Could 2022 offer the same profitable opportunities as 2021? The outlook for corn and soybeans is optimistic thanks to strong demand and potential production shortfalls in South America. Yet headwinds are present. We asked eight analysts to provide their best estimates on price direction and market strategies you can put to use in 2022.
Naomi Blohm, Total Farm Marketing
For corn, I’m watching corn use for ethanol as margins for ethanol plants continue to be attractive. In addition, demand for fuel is strong as U.S. consumers are traveling again. USDA might increase corn used for ethanol to 5.5 billion bushels, which is near 2017’s level of 5.605 billion bushels. Higher demand from ethanol would help keep ending stocks tighter, and thus support old-crop corn prices.
For soybeans, I’m watching use and demand for the crush. Argentina is the world’s top exporter of soybean meal and soybean oil. When they have production issues due to drought, the U.S. has been the beneficiary of an increase in demand for soybean meal and soybean oil.
For grain prices to climb higher this year, many stars need to perfectly align: a lower U.S. dollar, continued hot and dry weather in South America during February and March, friendly USDA reports in January and February and poor weather in the U.S. this spring and summer.

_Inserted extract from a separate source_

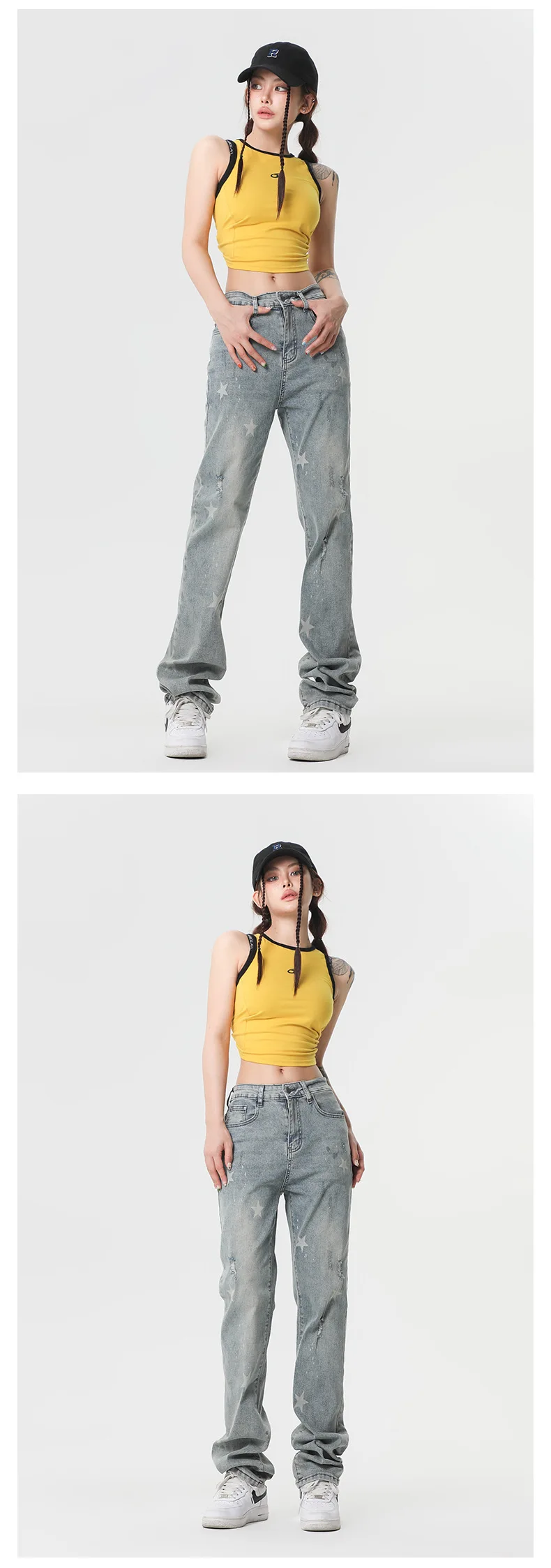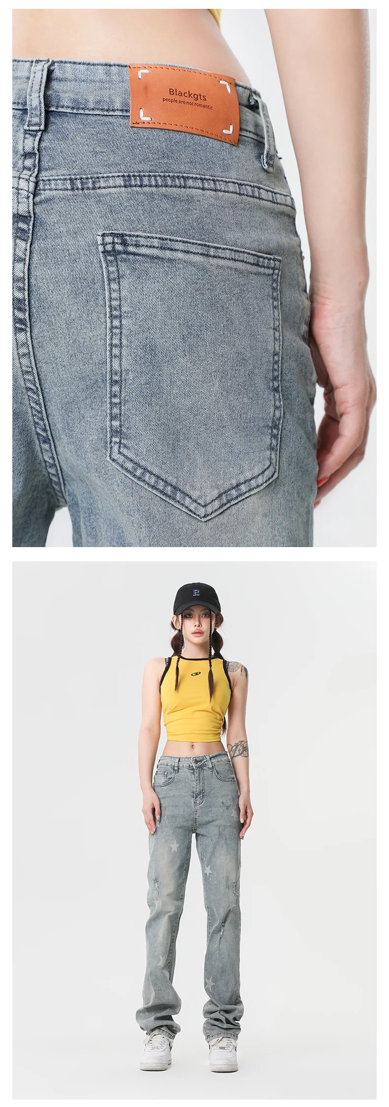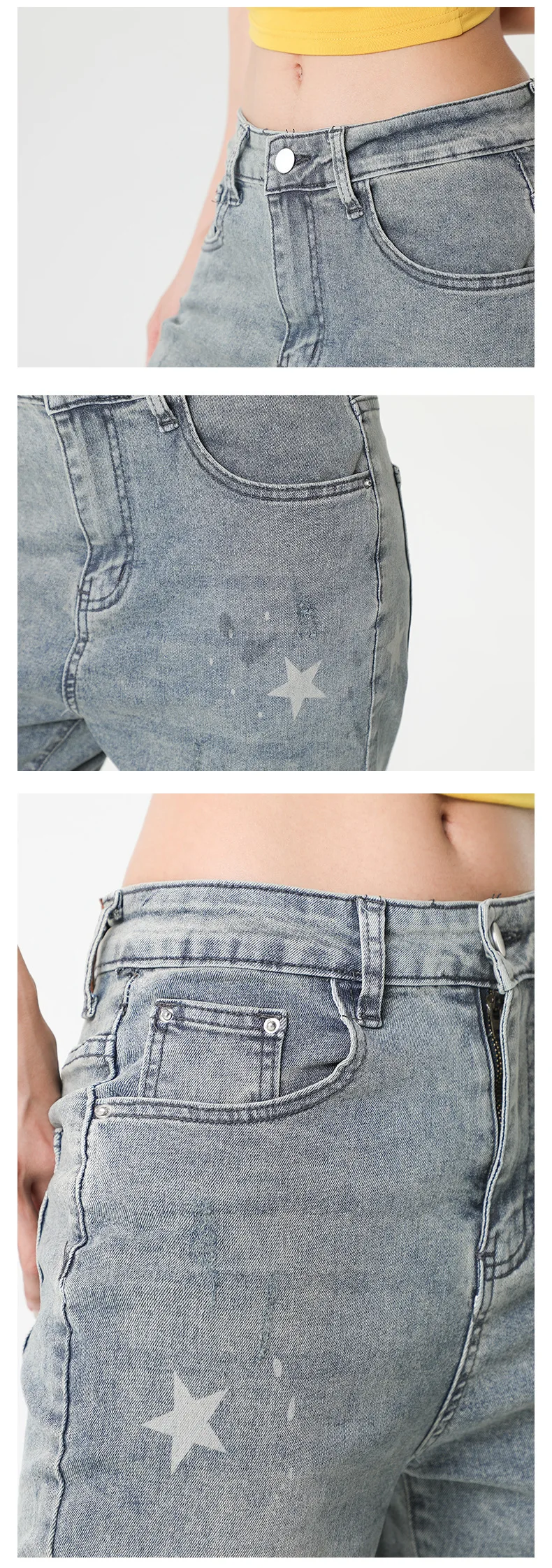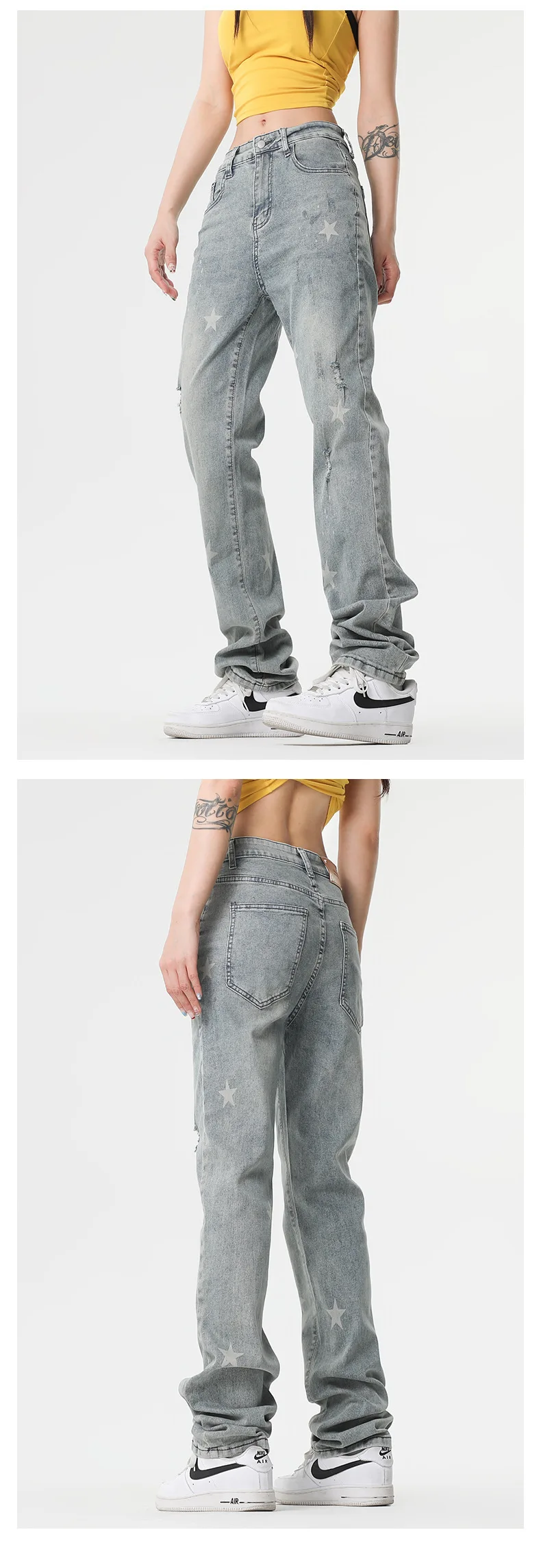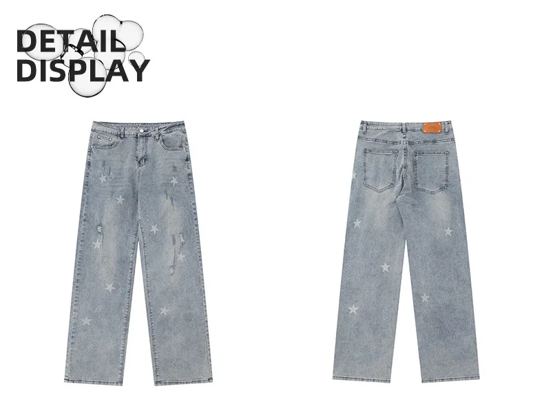 Men's Jeans Star Printing Design New American Style Straight Wide Leg Stylish Male Casual Summer Clothing 2025 9W1964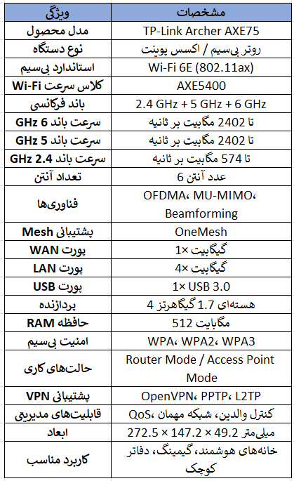 Archer AXE75 یک روتر سهبانده با پشتیبانی از Wi-Fi 6E، سرعت ترکیبی ۵۳۷۸Mbps و مدیریت آسان از طریق اپلیکیشن Tether است که برای خانهها و دفاتر کوچک مناسب میباشد.

For many, soybean prices are at profitable levels. Plan to be 50% sold on new crop (or more if you are comforta-ble with your crop insurance coverage) by summer.
For new-crop corn, know your cost of production. Place orders at the elevator at realistic, profitable points to be 50% sold by summer.
With the volatility that could unfold this year, be well versed in future and option strategies. Consider bear put spreads to manage risk on unpriced bushels.
It might be prudent to understand various call option strategies that provide upside gain potential should the U.S. drought continue, soaring prices do indeed cause farmers to use less fertilizer or yields are low. A smaller- than-expected crop would boost prices.